WHAT IS EXPECTED ▸ Please copy out each line of the entries in which "injection" appears.

SUPPLIED RECORDS ▸
BEGIN

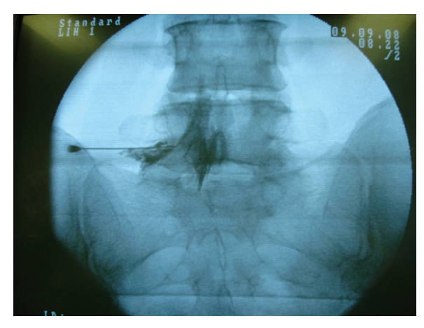
Figure 3. Anterior-Posterior radiograph of the lumbar spine following lumbar transforaminal injection (after the contrast injection).

vulsants or antidepressants were allowed during the period of the study. For breakthrough pain, patients were allowed to use tramadol, 1–2 tablets q 6 hours, as needed. The patients were advised to take additional analgesia if the pain exceeded 3 on the visual analogue scale. Patients were monitored and their pain assessed on the visual analogue scale at each visit and at visits three and six months following the first injection (using VAS scores).
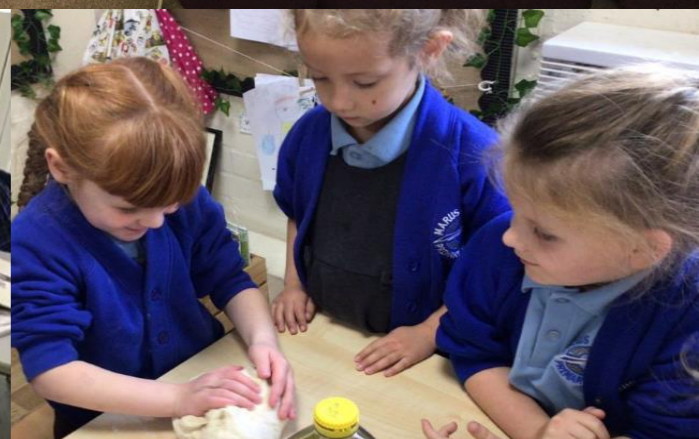
#Discovering healthy alternatives
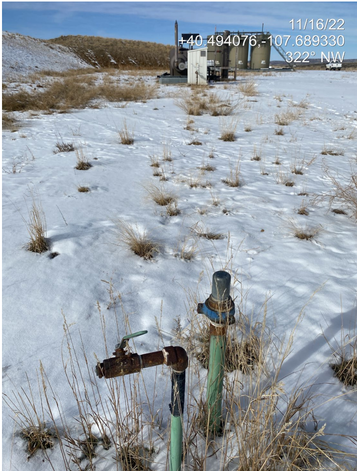
Photo 11. Photos taken from the southwest shows two (2) unused risers.
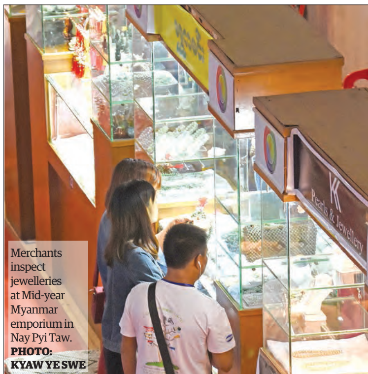
Merchants inspect jewellerys at Mid-year Myanmar emporium in Nay Pyi Taw.
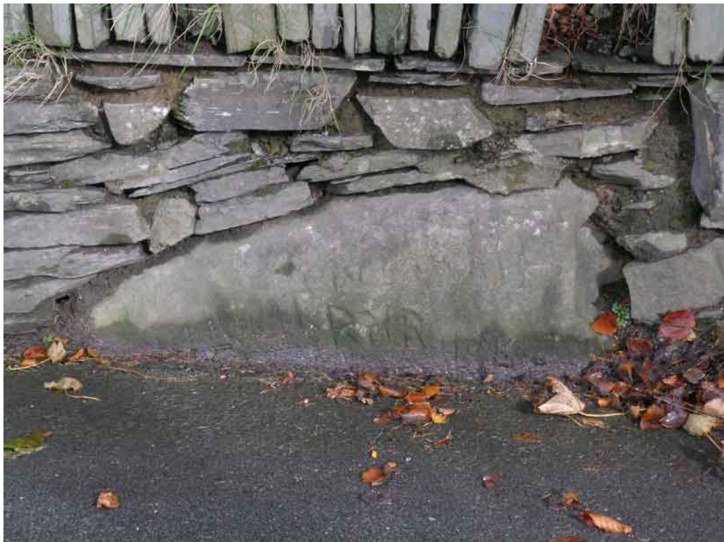
Plate 56 Site 9 Graffiti stones
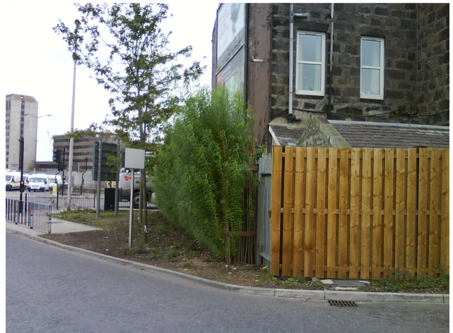
Side view of the Green Barrier™.
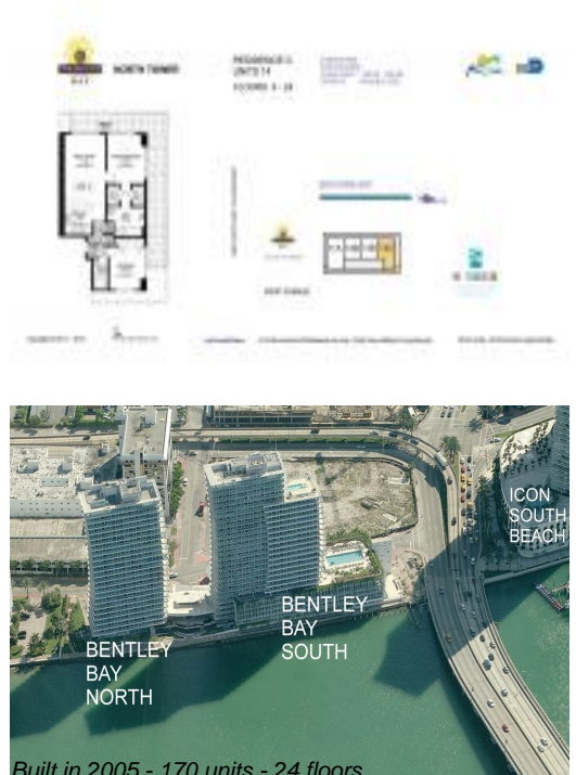
Built in 2005 - 170 units - 24 floors
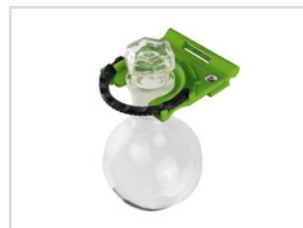
Item no. 01115

END

SOLUTION TO THIS TASK ▸
Figure 3. Anterior-Posterior radiograph of the lumbar spine following lumbar transforaminal injection (after the contrast injection).
vulsants or antidepressants were allowed during the period of the study. For breakthrough pain, patients were allowed to use tramadol, 1–2 tablets q 6 hours, as needed. The patients were advised to take additional analgesia if the pain exceeded 3 on the visual analogue scale. Patients were monitored and their pain assessed on the visual analogue scale at each visit and at visits three and six months following the first injection (using VAS scores).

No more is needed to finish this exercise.